Neither Montgomery nor Gaines had tested positive for a banned substance but the United States Anti-Doping Agency managed to put together a massive amount of evidence based on test reports and documents received from the US authorities in the BALCO case. What eventually tilted the scales decisively against the defendants, however, were the statements they had reportedly made to fellow athlete Kelli White, about the use or trading of the designer steroid THG. Both White and another US athlete, Michelle Collins, were earlier punished for `non-analytical positives', the latter dropping an appeal to CAS in return for a four-year ban instead of the original eight-year suspension she was slapped with.

That the testimony given by White, who had accepted a two-year ban in 2004, was acknowledged by CAS to not only suspend Montgomery for two years, as against the life-ban sought by USADA, but also to wipe out his records and awards from March 31, 2001, should give the jitters to prospective drug-cheats. At the same time there is also a lesson for potential whistle-blowers from the example that White has set.
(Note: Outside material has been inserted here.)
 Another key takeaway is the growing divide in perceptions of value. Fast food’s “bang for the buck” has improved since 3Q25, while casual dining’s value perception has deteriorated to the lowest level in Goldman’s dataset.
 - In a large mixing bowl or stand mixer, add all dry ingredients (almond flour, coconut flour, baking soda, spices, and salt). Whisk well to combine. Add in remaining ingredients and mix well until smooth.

Nearly two months before CAS dealt with the Montgomery-Gaines case, a US Federal Judge in San Francisco had sentenced BALCO founder Victor Conte Jr. and two of his employees for their roles in the drugs scandal. Even Judge Susan Illston felt that the punishment of four months jail for Conte, with another four months in home detention, was far more lenient than what she would have handed out every day for people who were convicted of less serious crimes. But then Conte had struck a plea bargain with the US agencies even as the US lawmakers talked of bringing tougher measures to tackle the menace of doping in sports. If there was optimism that charges could be brought forward against superstar Marion Jones in case Conte was to testify, such hopes have been belied. The wait now is for the US administration to crack down on manufacturers of designer steroids as a follow-up measure to the pioneering work done by scientists like Dr. Don Catlin of UCLA, who discovered THG.
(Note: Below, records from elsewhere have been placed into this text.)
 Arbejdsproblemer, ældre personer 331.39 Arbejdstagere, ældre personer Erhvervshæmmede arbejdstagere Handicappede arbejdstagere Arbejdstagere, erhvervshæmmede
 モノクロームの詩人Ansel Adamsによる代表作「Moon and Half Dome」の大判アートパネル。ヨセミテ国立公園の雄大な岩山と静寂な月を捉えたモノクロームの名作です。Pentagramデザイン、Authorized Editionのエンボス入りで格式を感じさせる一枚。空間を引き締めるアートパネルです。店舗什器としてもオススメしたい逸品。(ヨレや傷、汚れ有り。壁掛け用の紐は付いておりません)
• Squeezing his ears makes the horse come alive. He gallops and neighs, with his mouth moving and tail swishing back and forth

Just days before the Montgomery verdict was pronounced, another THG-user, Dwain Chambers confessed, in an interview to the BBC, that he had taken the designer steroid from 2002. The Briton, suspended in February 2004 for his THG use, possibly did not realise the implications including further action by the international federation (IAAF), when he made the revelation. Chambers had come second when Montgomery clocked the then world record of 9.78 at the Stade de France, but was target-tested in August 2003 and expectedly came up positive. His name had also cropped up, along with those of Montgomery, Jones and a dozen other world-class athletes when US Federal agents raided the BALCO premises in San Francisco a month later.
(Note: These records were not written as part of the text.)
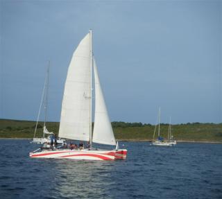 The catamaran and the staff is just in the entry of Fornells, where there is also a big free parking space. You will see the kayaks and bikes by the door.
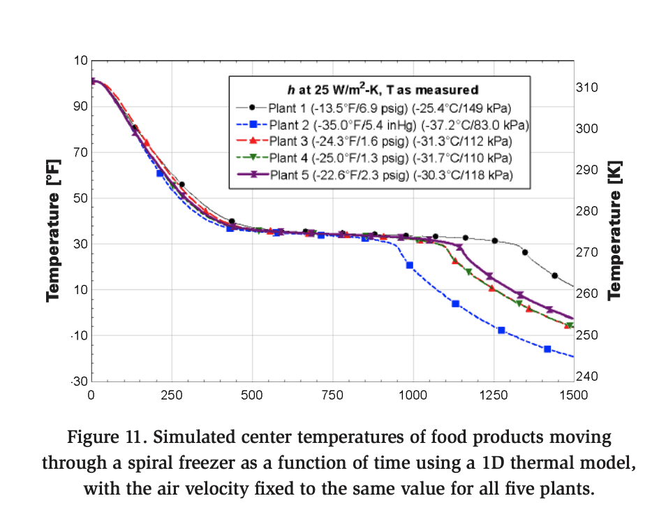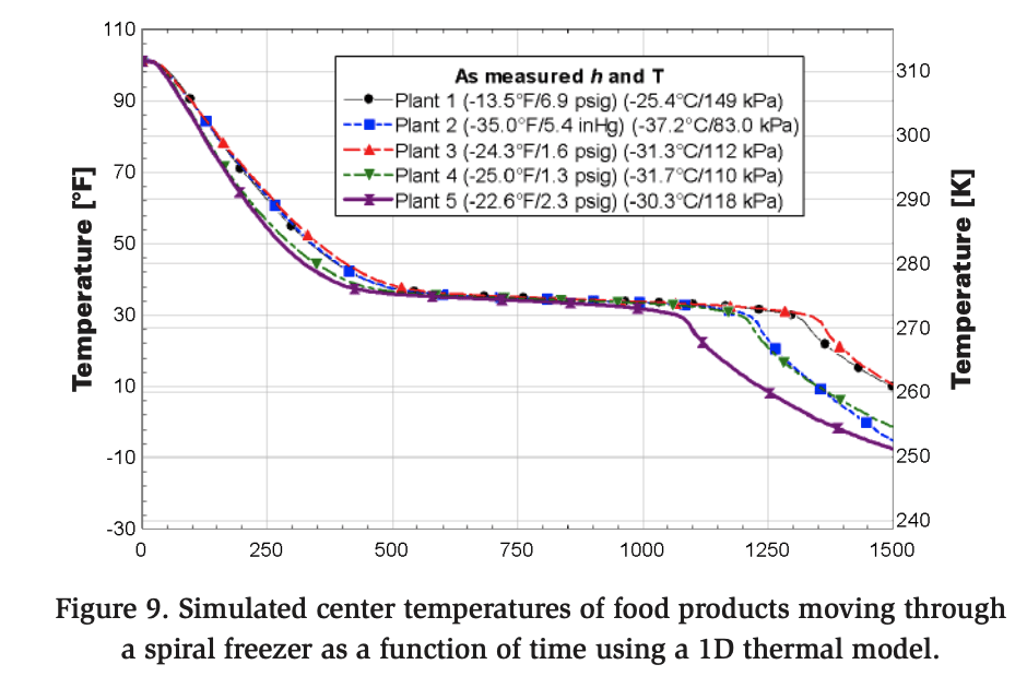 To evaluate the performance of each spiral blast freezer, the measured heat transfer coefficients and corresponding temperatures were applied as boundary conditions in a 1D thermal model of a food product moving through a spiral freezer. The results are presented in Figure 9, which also displays the saturation pressure of ammonia (R717) corresponding to the measured temperatures. The calculated center temperature of the food product upon exiting the freezer is included in the figure.
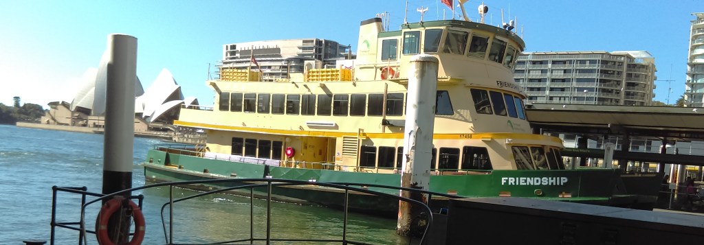 A close-up view of a ferry, the Friendship, named after a ship of the First Fleet. My ferry was a bit larger and newer.
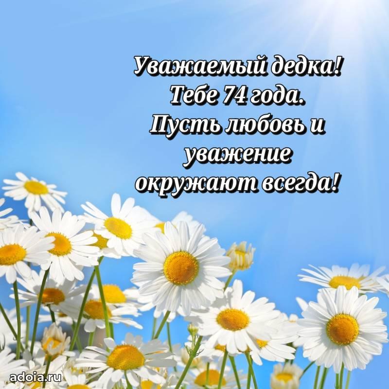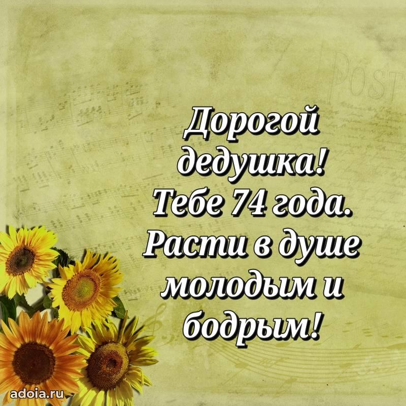 В поисках красивых и современных открыток? Вы попали по адресу! Здесь вы найдете картинки с днем рождения Дедушке на 74 года! Все картинки в высоком качестве, которые можно скачать или отправить через WhatsApp бесплатно. Также вы найдете много прикольных и мерцающих гифок и анимаций, которые поднимут настроение! Все открытки содержат поздравления в стихах и прозе.
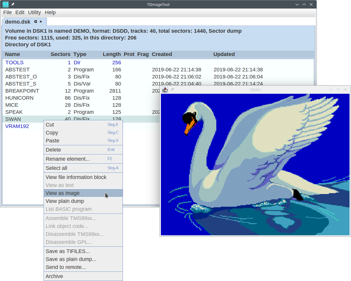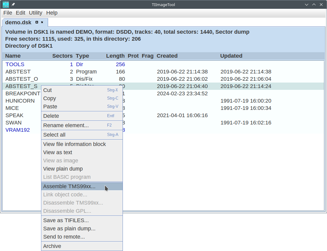 There are two kinds on menus in TIImageTool: the dropdown menus from the menu line, and the context menu. The selectable actions of the context menu depend on the file where the menu has been opened. Also, you can open a context menu below the file listing in order to operate on the volume itself, like for creating new files and directories.
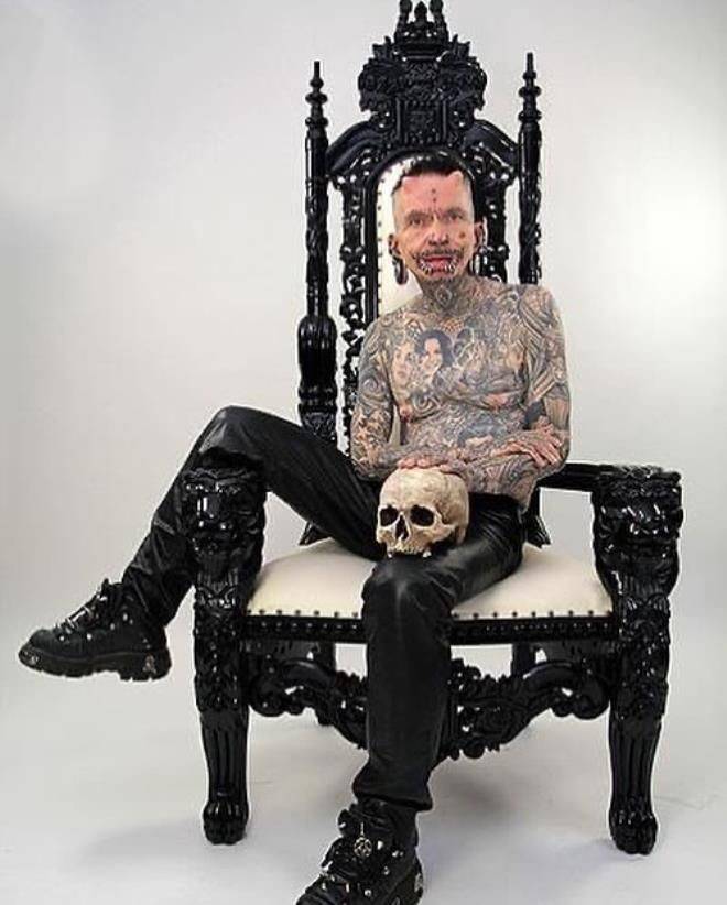 Очень богатый фрик. Дядьку зовут Рольф Бухгольц. На других фотографиях, у него крашенные белки глаз и катушки в ушах.

Of the dozen American athletes in the 'BALCO list', the only one left to be charged is Marion Jones. She had threatened to go to court if she was prevented from going to the Athens Olympics, where she competed in just the long jump event, took Conte to court for defamation, broke up with Montgomery, the father of her child, and pulled out of the US trials for the Helsinki World Championships.

Montgomery, in his Grand Jury testimony that should never have got into print, and Conte, through a co-authored article, had alleged that Jones had taken prohibited substances before the Sydney Olympics where she won three gold medals. But the USADA has apparently chosen not to proceed so far against Jones. Maybe, the evidence it has gathered is not so overwhelming enough as to pin down an athletics icon.

Athletes and administrators alike have praised the verdict against Montgomery. "This is a landmark CAS decision," said the IAAF President, Lamine Diack. Should present-day records be viewed with suspicion, especially in the light of the Montgomery case? Are women's records from the 1980s free of taint? The debate will continue.

Six years ago, there was a German proposal to wipe out all old records and start afresh. That did not muster enough support within the IAAF, which, however, has said in recent times that it would pursue the re-introduction of the four-year suspension vigorously. The USATF, shamed by the series of doping revelations, had proposed a life-ban for steroid offenders.